* [Supplied information]
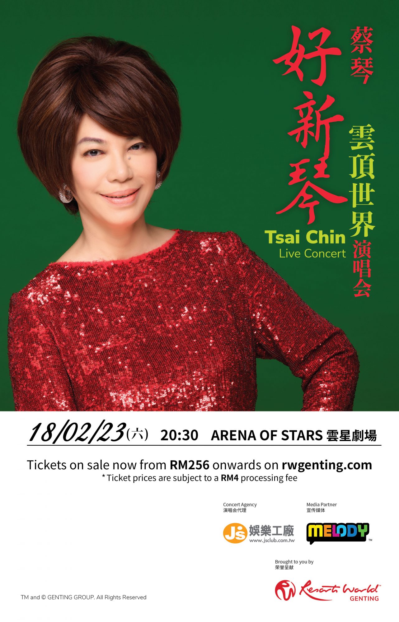 《蔡琴好新琴 雲頂世界演唱會》将于 2023 年 2 月 18 日晚上在云星剧场拉开帷幕,门票现已开始发售,价格分别为 746 令吉(VIP)、536 令吉(PS1)、356 令吉(PS2)及 256 令吉(PS3);票价未包括 4 令吉手续费。用云尊卡积分、信用卡或现金购票的云顶云尊卡会员将获得 10%折扣,(适用于 VIP、PS1 及 PS2 票位)。欲订购门票或查询更多演唱会详情,请浏览网站 www.rwgenting.com。
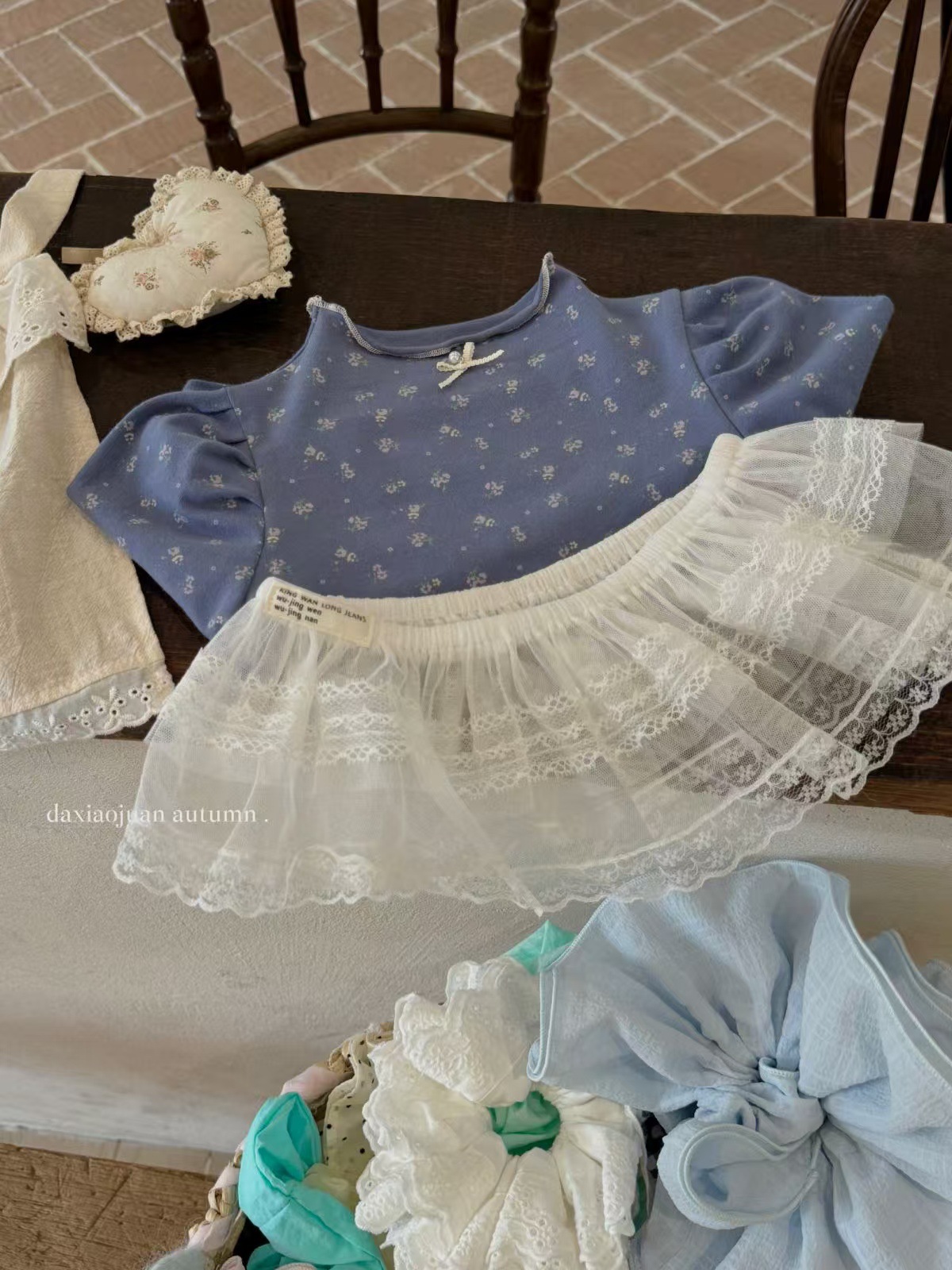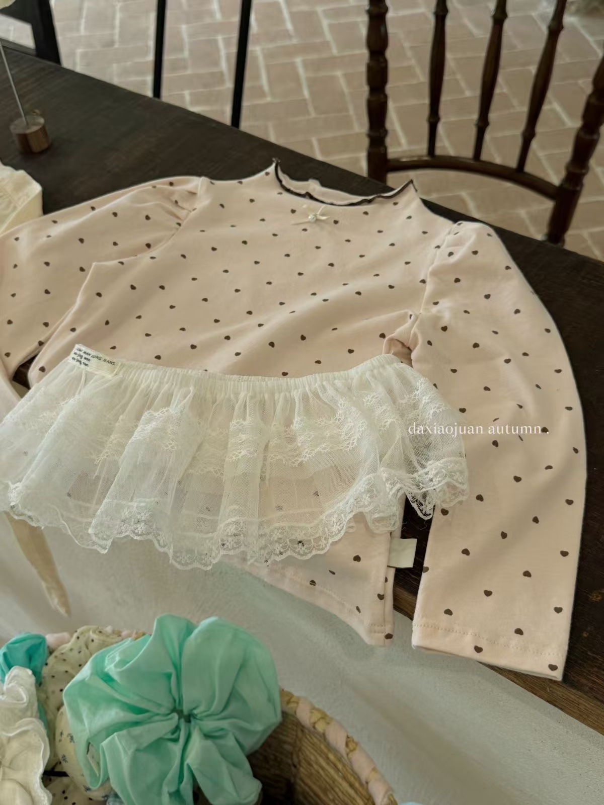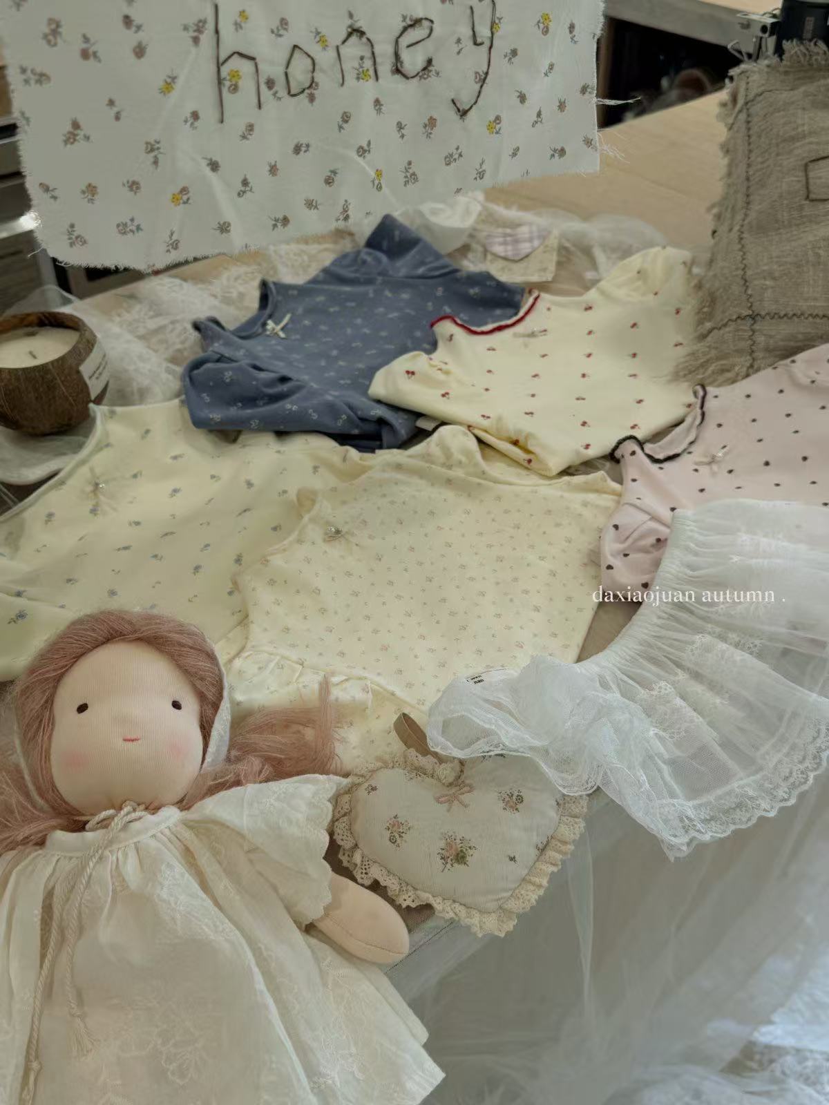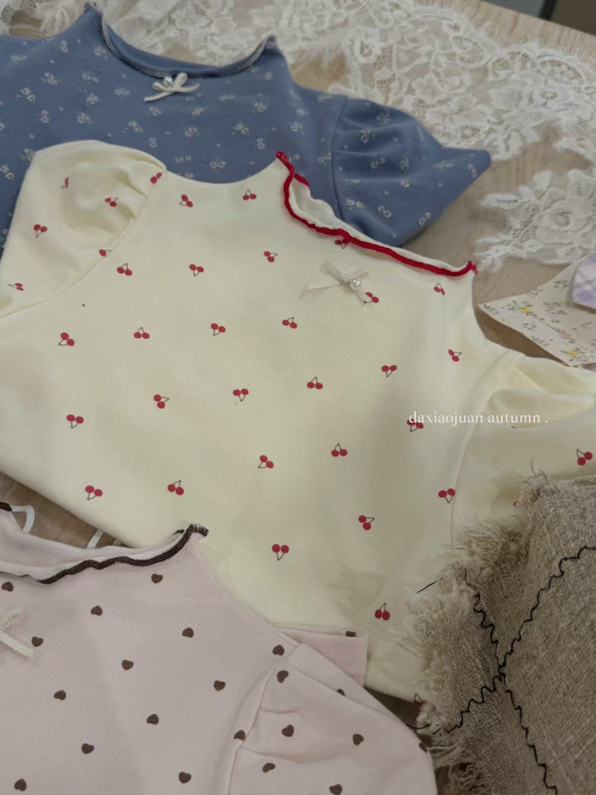 크고 작은 사이즈 아동복 25 가을 여아 하의 셔츠 여아 꽃무늬 달콤한 레이스 칼라 귀달이 달콤한 긴팔 티셔츠
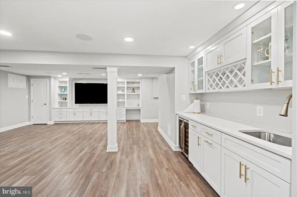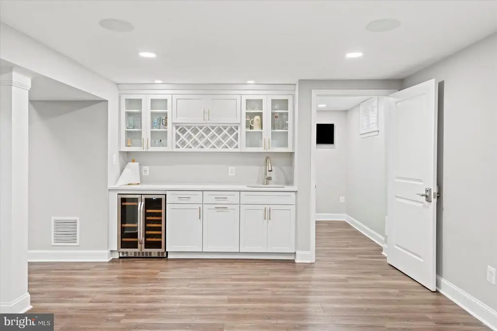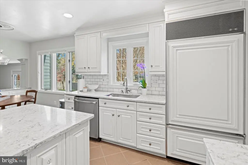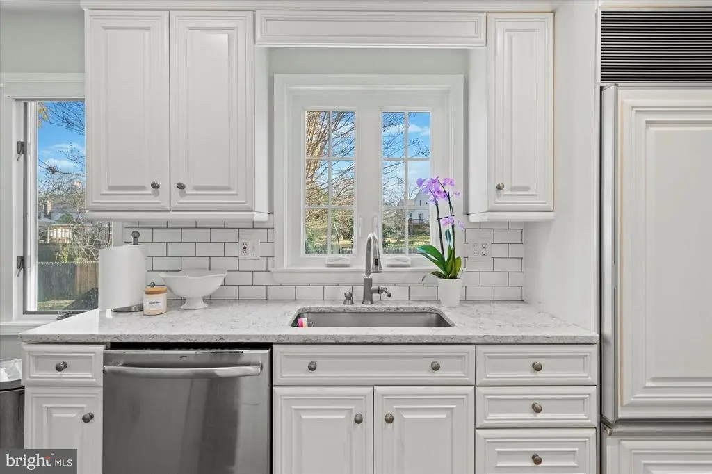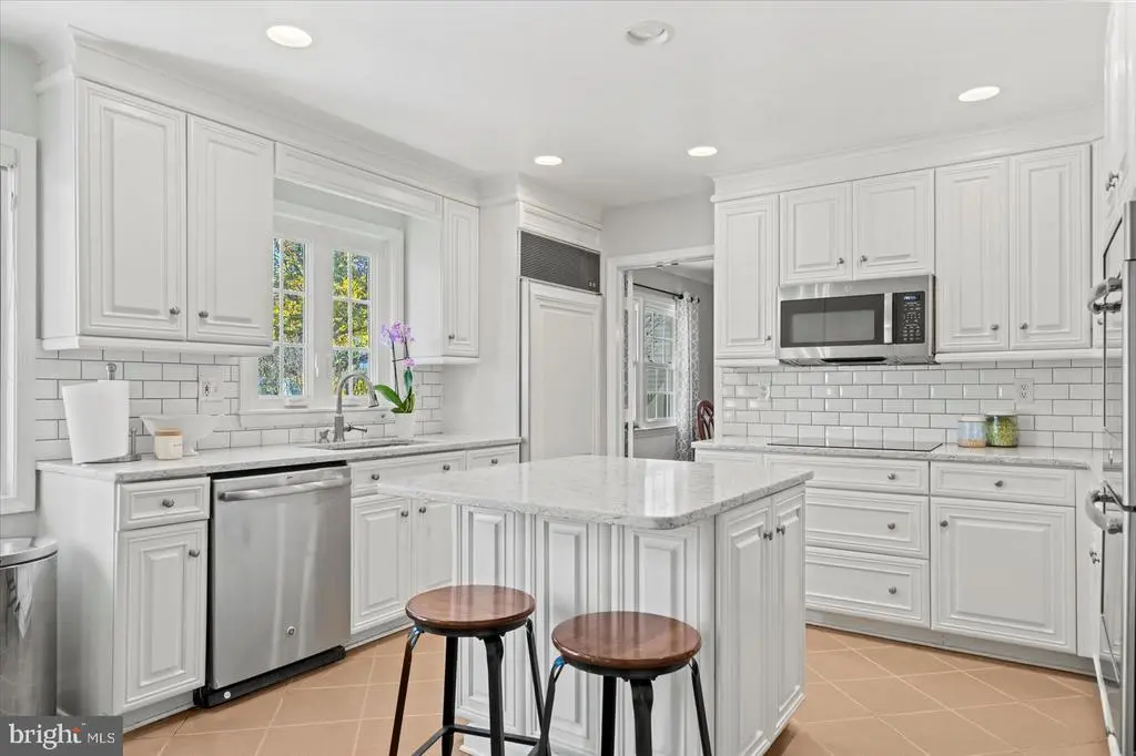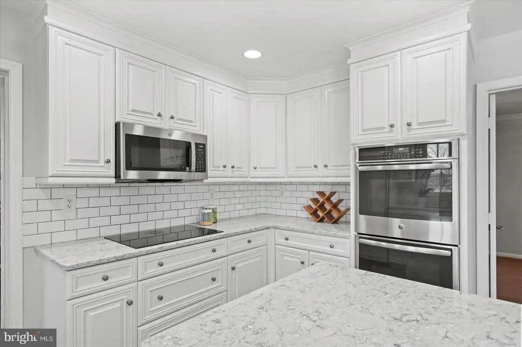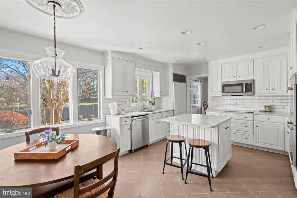 Welcome to 14833 Rocking Spring Drive — a beautifully updated split-level home in the sought-after Manor Lake community. This 5-bedroom, 2.5-bath home offers 3,348 sq. ft. of move-in-ready living on a spacious 0.26-acre lot with excellent curb appeal. Updates include newer vinyl siding, Azek trim, black exterior lighting, a 2022 exterior repaint, and 19 energy-efficient Simonton windows installed in 2020. A ProVia fiberglass French door opens to the large backyard, and the enclosed garage adds extra storage and secure parking. Inside, the heart of the home is the fully renovated 2019 gourmet kitchen featuring warm white cabinetry, Silestone quartz countertops, stainless steel GE appliances, and a brand-new 2025 stovetop and microwave. The kitchen flows into the family room for easy everyday living and entertaining. Upstairs are four generous bedrooms, including a beautifully remodeled primary suite with designer finishes, custom millwork, upgraded glass doors, and a private water closet. The fifth bedroom on the main level is ideal for guests, a home office, or a playroom. The expansive lower level—renovated in 2021—offers incredible bonus space with higher ceilings, updated electrical/plumbing, custom cabinetry, a full wet bar, an 85" Sony TV with surround sound, a gym area, luxury vinyl plank flooring, plantation shutters, and ample finished storage. Additional updates include a full interior repaint in 2025, a refreshed laundry room, and a 2023 Electrolux washer and dryer. The home is minutes to top-rated schools, parks, shopping, and Red Line Metro access, all in a peaceful and family-friendly neighborhood. Truly move-in-ready and loaded with upgrades—this one is a rare find in Manor Lake.

* [About this exercise] Retyping should start at the first line of the data above and stop after the line with "크고 작은 사이즈 아동복", and no picture should be included.

* [Answer to this exercise]
 《蔡琴好新琴 雲頂世界演唱會》将于 2023 年 2 月 18 日晚上在云星剧场拉开帷幕,门票现已开始发售,价格分别为 746 令吉(VIP)、536 令吉(PS1)、356 令吉(PS2)及 256 令吉(PS3);票价未包括 4 令吉手续费。用云尊卡积分、信用卡或现金购票的云顶云尊卡会员将获得 10%折扣,(适用于 VIP、PS1 及 PS2 票位)。欲订购门票或查询更多演唱会详情,请浏览网站 www.rwgenting.com。
 크고 작은 사이즈 아동복 25 가을 여아 하의 셔츠 여아 꽃무늬 달콤한 레이스 칼라 귀달이 달콤한 긴팔 티셔츠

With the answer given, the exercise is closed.